Santiago Abascal Conde nació en Bilbao el 14 de abril de 1976, pero su vinculación familiar es con el pueblo alavés de Amurrio. Allí nació su padre, el fallecido Santiago Abascal Escuza, presidente del PP en el valle alavés de Ayala durante 35 años. De Amurrio fue también alcalde (y jefe local del Movimiento, durante la dictadura) su abuelo, Manuel Abascal Pardo. La madre de Santiago, María Isabel Conde, nació en Coruña pero vivió toda su vida en el País Vasco. Santiago es el mayor de tres hermanos, él y dos chicas.

Abascal sabe bien lo que es el valor. Su familia fue amenazada y agredida por ETA durante muchos años. La mafia vasca intentó matar a su padre varias veces. También él estuvo amenazado e iba por la calle con escolta. La tienda de ropa de la que vivían los Abascal, en Amurrio (“Moda Abascal”), fue atacada en numerosas ocasiones, y ardió completamente en 1999. Por esta razón, Santiago va armado; lleva una Smith & Wesson que, como él mismo dice, le servía “al principio, para proteger a mi padre; ahora, para proteger a mis hijos”.

Santiago Abascal sí estudió EGB. Hay quien lo niega, pero comete falsedad. Esto no es una afirmación sino una deducción: es indispensable tener estudios primarios para cursar el bachillerato, algo que el propio Abascal afirma que sí hizo.
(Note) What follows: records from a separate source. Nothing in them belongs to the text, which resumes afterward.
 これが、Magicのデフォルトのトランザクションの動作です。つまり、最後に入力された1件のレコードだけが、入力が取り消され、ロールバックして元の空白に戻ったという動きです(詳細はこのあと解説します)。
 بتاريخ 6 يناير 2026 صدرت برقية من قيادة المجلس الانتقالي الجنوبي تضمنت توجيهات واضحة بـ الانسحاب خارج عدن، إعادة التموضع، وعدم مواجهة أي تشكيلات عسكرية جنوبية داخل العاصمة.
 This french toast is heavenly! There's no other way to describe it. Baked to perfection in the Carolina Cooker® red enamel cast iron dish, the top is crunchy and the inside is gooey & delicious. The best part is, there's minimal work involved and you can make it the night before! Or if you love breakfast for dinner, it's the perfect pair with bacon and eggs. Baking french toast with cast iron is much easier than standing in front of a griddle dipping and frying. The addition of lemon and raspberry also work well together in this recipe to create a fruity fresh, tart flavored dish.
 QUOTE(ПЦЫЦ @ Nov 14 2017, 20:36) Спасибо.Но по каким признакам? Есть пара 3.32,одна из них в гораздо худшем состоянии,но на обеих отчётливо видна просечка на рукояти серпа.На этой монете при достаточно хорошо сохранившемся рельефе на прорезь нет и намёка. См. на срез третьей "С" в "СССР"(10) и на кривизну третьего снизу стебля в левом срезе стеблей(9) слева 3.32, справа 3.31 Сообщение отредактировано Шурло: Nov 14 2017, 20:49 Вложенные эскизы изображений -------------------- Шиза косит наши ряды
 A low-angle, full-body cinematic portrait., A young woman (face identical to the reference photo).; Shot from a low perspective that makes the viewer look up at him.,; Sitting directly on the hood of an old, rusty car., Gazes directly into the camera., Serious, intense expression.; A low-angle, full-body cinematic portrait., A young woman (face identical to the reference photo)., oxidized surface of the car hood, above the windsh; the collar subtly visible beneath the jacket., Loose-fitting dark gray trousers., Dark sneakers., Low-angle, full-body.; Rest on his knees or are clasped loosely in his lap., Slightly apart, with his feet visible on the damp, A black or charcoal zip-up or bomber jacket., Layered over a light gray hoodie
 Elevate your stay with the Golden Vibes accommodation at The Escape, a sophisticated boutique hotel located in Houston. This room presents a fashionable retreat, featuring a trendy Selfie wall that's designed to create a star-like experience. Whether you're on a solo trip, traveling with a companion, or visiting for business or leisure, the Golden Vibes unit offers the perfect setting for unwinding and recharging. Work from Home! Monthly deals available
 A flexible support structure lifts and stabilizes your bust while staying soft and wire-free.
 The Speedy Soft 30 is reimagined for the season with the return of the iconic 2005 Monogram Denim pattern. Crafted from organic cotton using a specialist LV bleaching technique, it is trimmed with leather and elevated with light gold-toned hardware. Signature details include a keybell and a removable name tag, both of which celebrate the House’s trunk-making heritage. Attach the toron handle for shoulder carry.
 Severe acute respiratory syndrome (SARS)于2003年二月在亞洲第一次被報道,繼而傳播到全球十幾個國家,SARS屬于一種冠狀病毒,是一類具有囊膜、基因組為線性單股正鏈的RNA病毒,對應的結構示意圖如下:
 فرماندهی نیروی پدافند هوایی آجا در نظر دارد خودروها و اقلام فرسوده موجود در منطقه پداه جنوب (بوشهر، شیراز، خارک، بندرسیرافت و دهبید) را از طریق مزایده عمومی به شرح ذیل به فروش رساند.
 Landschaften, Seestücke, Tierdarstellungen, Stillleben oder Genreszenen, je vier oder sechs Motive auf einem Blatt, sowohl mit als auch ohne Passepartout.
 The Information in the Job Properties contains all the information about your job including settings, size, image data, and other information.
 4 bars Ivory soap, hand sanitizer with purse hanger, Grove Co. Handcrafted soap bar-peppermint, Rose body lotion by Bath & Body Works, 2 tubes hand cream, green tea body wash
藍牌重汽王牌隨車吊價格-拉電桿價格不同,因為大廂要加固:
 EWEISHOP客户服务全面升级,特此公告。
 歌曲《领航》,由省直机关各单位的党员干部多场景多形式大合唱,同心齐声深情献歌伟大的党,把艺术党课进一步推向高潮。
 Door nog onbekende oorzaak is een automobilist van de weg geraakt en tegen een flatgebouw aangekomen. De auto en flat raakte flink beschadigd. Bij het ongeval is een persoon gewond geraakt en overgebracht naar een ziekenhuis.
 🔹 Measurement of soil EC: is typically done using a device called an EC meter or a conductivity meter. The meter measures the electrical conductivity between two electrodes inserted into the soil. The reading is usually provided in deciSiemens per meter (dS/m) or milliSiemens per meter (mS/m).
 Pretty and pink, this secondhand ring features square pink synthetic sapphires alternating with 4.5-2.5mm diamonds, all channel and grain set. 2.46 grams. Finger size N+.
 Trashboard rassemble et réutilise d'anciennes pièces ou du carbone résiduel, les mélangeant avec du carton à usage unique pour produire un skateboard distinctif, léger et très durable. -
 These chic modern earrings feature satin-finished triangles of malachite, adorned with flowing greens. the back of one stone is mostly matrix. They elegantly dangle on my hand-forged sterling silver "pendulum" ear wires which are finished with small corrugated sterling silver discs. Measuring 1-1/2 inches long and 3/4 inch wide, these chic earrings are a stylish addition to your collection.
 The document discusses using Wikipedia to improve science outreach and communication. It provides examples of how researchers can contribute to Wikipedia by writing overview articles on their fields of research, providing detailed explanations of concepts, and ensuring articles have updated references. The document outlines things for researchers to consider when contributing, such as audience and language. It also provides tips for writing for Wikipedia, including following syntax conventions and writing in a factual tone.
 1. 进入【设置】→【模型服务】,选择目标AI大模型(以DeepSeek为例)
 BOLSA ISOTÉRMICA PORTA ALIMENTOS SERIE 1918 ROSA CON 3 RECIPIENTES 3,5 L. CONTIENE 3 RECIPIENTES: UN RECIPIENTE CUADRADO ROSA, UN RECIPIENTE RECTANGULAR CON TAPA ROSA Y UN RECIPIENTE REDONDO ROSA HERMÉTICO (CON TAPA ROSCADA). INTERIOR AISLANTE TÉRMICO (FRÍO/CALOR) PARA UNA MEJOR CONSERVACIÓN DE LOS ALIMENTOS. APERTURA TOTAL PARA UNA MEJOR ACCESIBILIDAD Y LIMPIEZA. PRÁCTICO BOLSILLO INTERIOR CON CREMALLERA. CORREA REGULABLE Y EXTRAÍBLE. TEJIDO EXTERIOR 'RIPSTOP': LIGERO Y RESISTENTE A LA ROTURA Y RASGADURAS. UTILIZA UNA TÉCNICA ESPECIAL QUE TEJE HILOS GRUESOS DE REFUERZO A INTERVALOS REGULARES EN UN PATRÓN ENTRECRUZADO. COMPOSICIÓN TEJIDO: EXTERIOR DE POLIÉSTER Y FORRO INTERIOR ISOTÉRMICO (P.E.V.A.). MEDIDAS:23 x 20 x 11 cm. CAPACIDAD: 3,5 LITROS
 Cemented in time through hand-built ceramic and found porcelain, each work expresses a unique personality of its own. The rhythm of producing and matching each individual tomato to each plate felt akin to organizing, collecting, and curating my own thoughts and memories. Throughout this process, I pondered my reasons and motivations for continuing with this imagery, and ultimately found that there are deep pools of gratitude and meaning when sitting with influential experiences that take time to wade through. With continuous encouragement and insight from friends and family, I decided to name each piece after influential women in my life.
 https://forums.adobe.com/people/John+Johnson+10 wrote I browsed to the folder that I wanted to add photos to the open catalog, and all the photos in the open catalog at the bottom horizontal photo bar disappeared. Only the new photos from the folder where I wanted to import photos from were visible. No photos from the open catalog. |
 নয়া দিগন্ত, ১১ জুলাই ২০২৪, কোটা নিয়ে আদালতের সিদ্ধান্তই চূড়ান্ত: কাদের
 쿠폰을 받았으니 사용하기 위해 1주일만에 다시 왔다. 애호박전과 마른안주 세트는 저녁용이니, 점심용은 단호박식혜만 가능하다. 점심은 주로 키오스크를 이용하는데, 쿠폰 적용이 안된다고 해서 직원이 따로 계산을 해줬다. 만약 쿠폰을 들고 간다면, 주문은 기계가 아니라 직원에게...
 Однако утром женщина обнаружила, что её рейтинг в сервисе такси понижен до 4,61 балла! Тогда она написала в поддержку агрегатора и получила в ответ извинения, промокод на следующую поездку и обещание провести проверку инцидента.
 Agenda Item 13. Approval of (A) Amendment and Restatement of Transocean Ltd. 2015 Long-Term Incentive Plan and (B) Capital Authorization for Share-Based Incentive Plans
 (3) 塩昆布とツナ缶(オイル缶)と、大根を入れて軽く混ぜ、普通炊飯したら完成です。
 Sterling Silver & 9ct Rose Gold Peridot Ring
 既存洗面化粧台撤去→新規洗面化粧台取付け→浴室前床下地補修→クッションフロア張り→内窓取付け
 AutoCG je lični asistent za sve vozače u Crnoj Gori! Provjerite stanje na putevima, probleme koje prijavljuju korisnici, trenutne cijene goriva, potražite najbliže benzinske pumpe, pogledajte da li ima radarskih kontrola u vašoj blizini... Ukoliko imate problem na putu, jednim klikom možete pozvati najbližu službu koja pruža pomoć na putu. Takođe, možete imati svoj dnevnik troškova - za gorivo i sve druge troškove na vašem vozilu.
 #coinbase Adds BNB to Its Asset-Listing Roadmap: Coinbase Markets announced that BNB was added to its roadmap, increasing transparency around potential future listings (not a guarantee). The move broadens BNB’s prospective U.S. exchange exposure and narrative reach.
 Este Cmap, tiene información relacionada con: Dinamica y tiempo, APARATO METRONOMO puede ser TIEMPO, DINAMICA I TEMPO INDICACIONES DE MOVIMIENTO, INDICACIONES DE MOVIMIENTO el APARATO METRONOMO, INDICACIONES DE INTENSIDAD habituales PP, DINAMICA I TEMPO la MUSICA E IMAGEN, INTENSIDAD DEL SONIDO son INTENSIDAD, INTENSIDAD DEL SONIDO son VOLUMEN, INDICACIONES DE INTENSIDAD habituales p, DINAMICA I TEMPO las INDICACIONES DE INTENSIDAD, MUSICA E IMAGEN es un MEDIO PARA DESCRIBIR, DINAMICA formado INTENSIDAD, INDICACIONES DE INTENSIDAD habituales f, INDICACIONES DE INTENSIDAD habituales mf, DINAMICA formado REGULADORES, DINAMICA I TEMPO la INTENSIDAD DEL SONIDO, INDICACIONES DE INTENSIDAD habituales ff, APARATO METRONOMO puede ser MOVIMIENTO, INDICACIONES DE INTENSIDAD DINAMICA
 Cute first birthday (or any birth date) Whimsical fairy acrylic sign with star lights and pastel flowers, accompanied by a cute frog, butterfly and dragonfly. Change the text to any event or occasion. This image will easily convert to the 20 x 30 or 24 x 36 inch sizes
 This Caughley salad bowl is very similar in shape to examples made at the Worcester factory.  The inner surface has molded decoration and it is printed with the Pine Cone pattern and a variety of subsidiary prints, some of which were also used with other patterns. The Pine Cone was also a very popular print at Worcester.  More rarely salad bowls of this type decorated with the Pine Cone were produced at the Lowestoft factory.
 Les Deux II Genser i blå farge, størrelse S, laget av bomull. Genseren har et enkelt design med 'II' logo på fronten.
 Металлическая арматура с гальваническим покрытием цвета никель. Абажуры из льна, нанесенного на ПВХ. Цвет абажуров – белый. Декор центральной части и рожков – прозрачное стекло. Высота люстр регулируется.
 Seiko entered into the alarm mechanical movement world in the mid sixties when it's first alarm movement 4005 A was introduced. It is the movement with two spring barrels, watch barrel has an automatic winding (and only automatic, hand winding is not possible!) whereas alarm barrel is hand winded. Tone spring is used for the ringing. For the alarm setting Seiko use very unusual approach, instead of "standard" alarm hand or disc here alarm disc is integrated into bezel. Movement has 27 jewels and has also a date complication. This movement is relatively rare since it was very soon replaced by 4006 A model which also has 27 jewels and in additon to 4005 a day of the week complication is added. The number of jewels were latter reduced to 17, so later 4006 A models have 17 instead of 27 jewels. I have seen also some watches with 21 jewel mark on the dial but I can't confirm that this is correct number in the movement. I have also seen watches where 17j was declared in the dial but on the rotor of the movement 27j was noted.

Aún más: el Ministerio de Defensa reconoce que concedió a Santiago Abascal su primera prórroga para aplazar el servicio militar obligatorio (del que acabaría librándose: no hizo la mili después de tres prórrogas) “porque estaba cursando el bachillerato”. Y no cabe dudar de la sinceridad del Ministerio de Defensa. Todavía más precisiones: la universidad de Deusto no consiente que se matricule en ella nadie que no haya terminado el bachillerato, lo que entonces se llamaba COU y las pruebas selectivas de acceso. Y está documentado que Santiago Abascal se licenció en Sociología en Deusto en 2003, un año después de casarse.

Esto demuestra irrefutablemente que Abascal tiene estudios, aunque sean pocos, aunque no sea nada fácil averiguar dónde los cursó (salvo lo de Sociología) y aunque quede claro que prisa, lo que se dice prisa por estudiar, este hombre no tenía: obtuvo su diploma a los 27 años. Pero él mismo ha repetido algunas veces que “la formación no es garantía de acierto”. Bueno, qué otra cosa puede decir, ¿verdad? En la larga entrevista que le hizo Fernando Sánchez Dragó, que se publicó en forma de libro con el título de Santiago Abascal, la España vertebrada, reconoce: “He tratado de formarme. No puedo presumir, por ejemplo, de una gran formación en materia económica. Desearía tener más formación, pero tengo personas ayudando en el proyecto de Vox”. Dragó replicaba que Abascal tenía la “humildad socrática de reconocer que se ignora mucho”, frase en la que cualquiera podría ver indicios de ironía o sarcasmo, pero no pruebas. Sea como fuere, para Abascal no es necesario que un político tenga formación intelectual o académica; parece bastarle con que tenga lo que el escritor Julio Llamazares cree indispensable para triunfar en el fútbol, y que resume en la regla de las tres B: balor, boluntá y buebos.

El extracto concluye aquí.